Hocalı düpedüz bir katliamdır. 26 Şubat 1992’de Rus ordusu destekli Ermeni birlikleri Hocalı’da 83’ü çocuk, 106’sı kadın olmak üzere 613 sivili vahşice katledip bölgedeki Azerileri kitlesel bir göçe zorladılar. Hedef Karabağ’da etnik temizlikti. Böyle bir katliam dünyanın neresinde ve hangi halka karşı yapılmış olursa olsun tereddütsüz lanetlenmelidir. Cezayir’de, Ruanda’da, ABD’de, Halepçe’de, Dersim’de, 2. Dünya Savaşı sırasında Almanya ve tüm Avrupa’da, 1915’te tüm Anadolu’da da çeşitli halklar, egemen devletler tarafından benzer bir zihniyetle katledildiler.
Ama bu katliamları ne Cezayir’de Fransızlar, ne ABD’de Amerikalılar, ne Halepçe’de Araplar, ne Dersim’de Türkler, ne Hocalı’da Ermeniler yaptı. 2. Dünya Savaşı’nda başta Yahudiler olmak üzere pek çok kimliği yok etmeye çalışan Almanlar değil Nazilerdi. Tıpkı 1915’te Ermenileri katledenin Türkler değil İttihat ve Terakkiciler olması gibi. Bu katliamları yapanlar halklar değil egemen devletler ve onların kışkırttığı bazı sivil gruplardı. Bu gibi katliamları kınarken hedef şaşar ve katliam sorumluları yerine topyekûn halklar suçlu ilan edilirse bunun varacağı tek menzil düşmanlık ve kindir. İhtiyacımız olan bu mudur?

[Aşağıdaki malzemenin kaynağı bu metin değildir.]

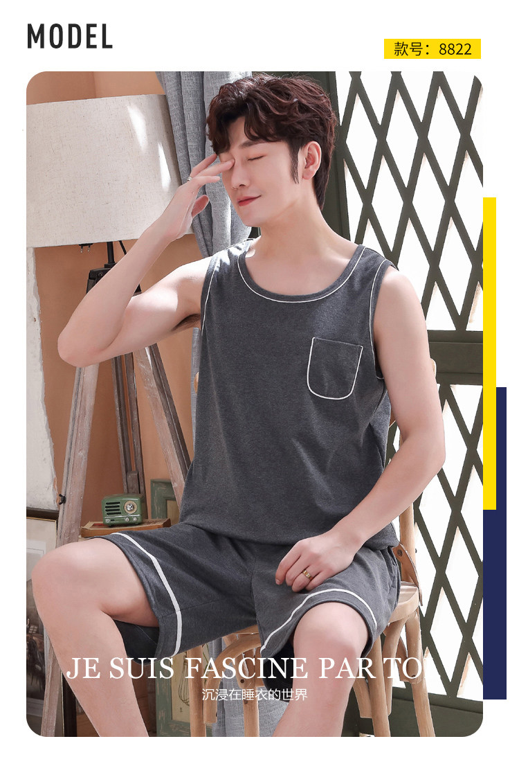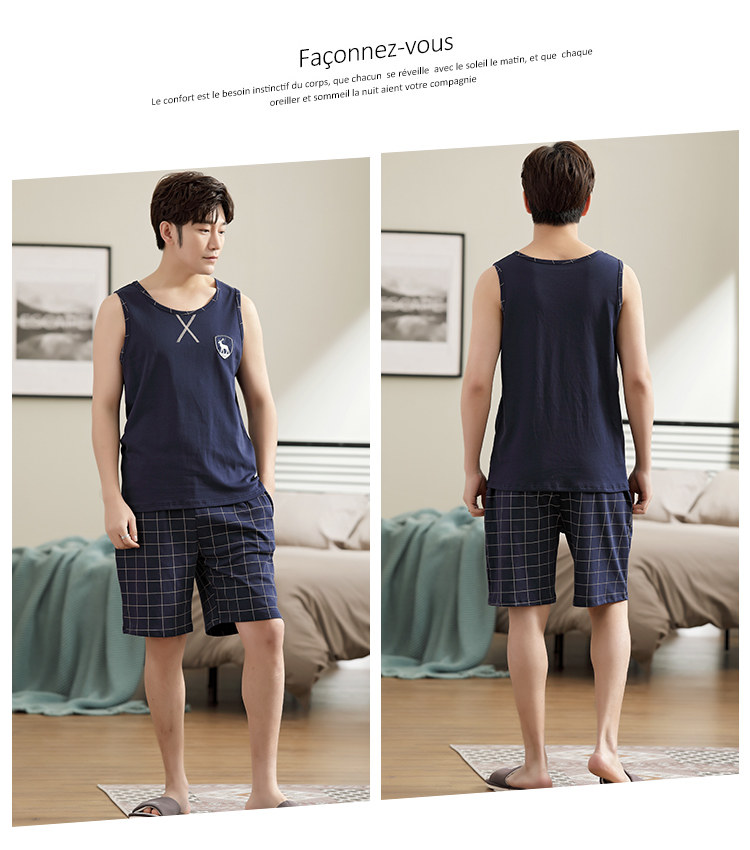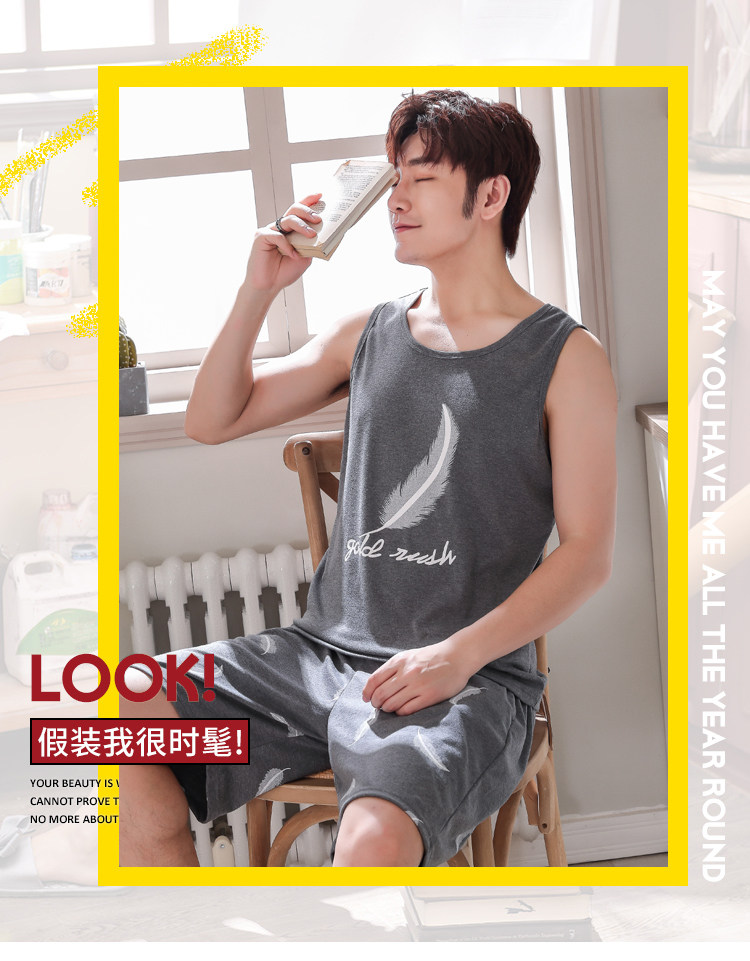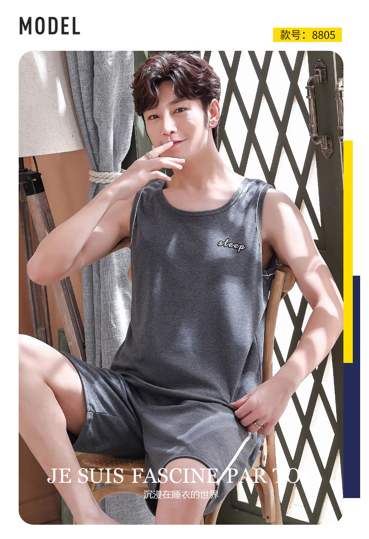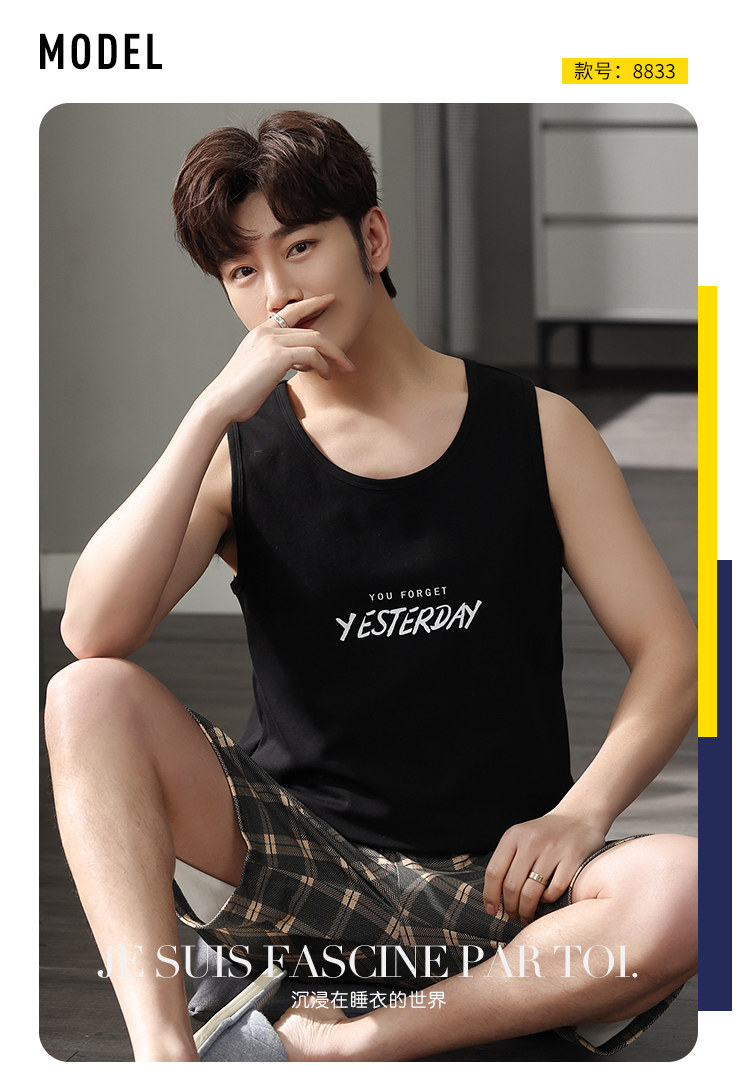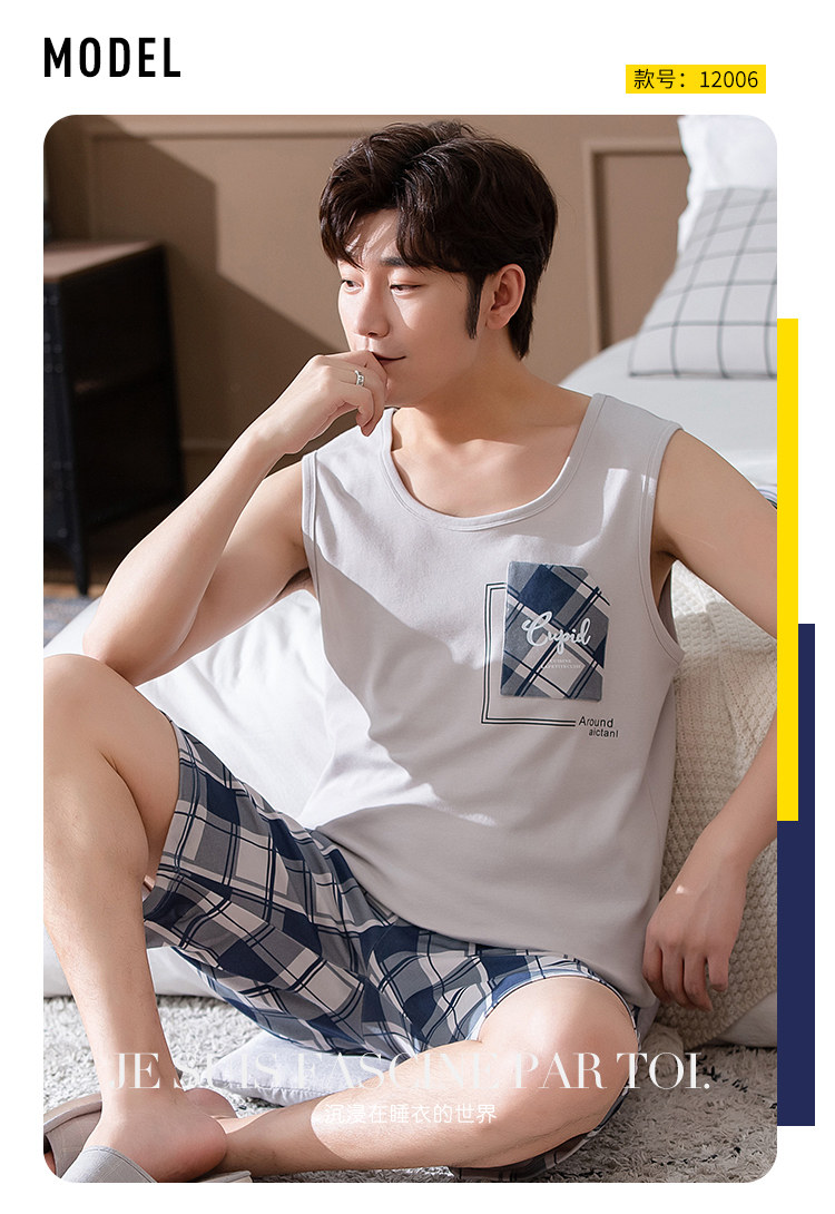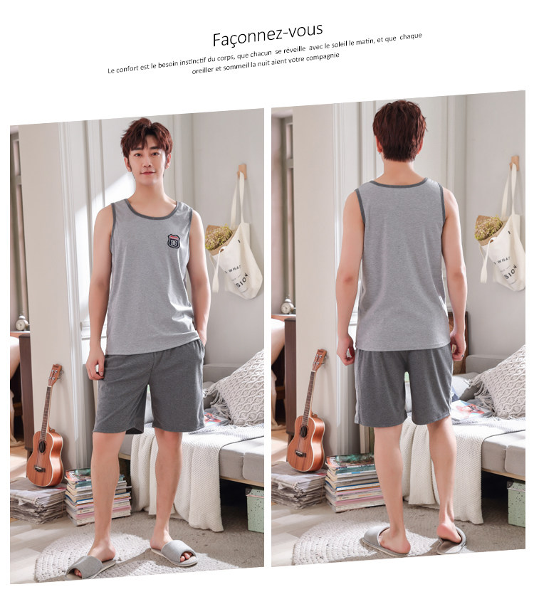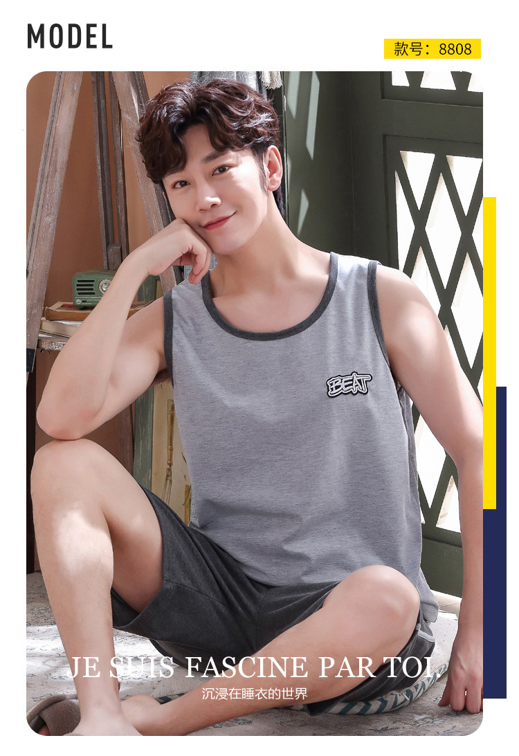 Антарктика мужской без Спящая пижама лета чистый хлопок Тонкий стиль Свободный большой размер Жилет шорты мужской Домашняя служба комплект

Hocalı Katliamı’nın 20. yılında Taksim’de bir protesto mitingi çağrısı yapan afişlerde ise tam da bu hedef sapması yer alıyor. Afişlerde öne çıkan slogan “Ermeni yalanına sessiz kalma!”. Bu, Türkiye’de çok alışık olduğumuz bir nefret dili. Dünyanın hangi parlamentosunda Ermeni Soykırımı ile ilgili bir tartışma yaşansa bu dil refleks biçiminde devreye girip Ermeniler aşağılanmaya, şeytanlaştırılmaya, tehdit edilmeye başlanıyor.
Bu miting çağrısında bir kötü niyet var. Çağrıda öne çıkarılan şey Hocalı kurbanlarının anılması, sorumluların bulunup yargılanması, bir daha böyle katliamların yaşanmaması değil, “Ermeni yalanı”. “Hepimiz Hocalılıyız, Hepimiz Mehmetiz” sloganı ile de “Hepimiz Hrant’ız, Hepimiz Ermeniyiz” sloganına rekabet edildiği apaçık. Halepçe’yi anan Kürtler “Arap yalanına sessiz kalma!” veya Dersim ile 1915’i anan Kürt ve Ermeniler “Türk yalanına sessiz kalma!” demiyor. Halepçe’de Saddam’ı, Dersim’de tek parti rejimini, 1915’te İttihat ve Terakki diktatörlüğünü işaret ediyorlar.
Oysa Hocalı için miting çağrısı yapanlar nefret söylemi kullanarak bir kez daha tüm Ermenileri düşman ilan ediyor. Ermeni Soykırımı tezini çürütmek için ucuz ve çok bildik bir yönteme başvuruyor. Bu dil ancak milliyetçilikleri çarpıştırmaya yarar. Bir katliamı bir başkasını gerekçe göstererek meşrulaştırmaya hizmet eder. Acılar satranç hamleleri gibi birbirinin karşısına yerleştirilerek yok edilemez. Acıları yarıştırarak değil barıştırarak azaltabiliriz.
Hocalı katliamından dolayı vicdanı sızlayan, kurbanlarını anmak ve sorumlulardan hesap sorulmasını talep etmek isteyenlere ve tüm ırkçılık karşıtlarına çağrımızdır:
Ermenilere yapılan zulmün üzerinin örtülmesi çabasıyla bütün Ermenilerin düşmanlaştırılmasına izin vermeyin. Bu ırkçı nefret, kin ve düşmanlık diline “sessiz kalmayın”.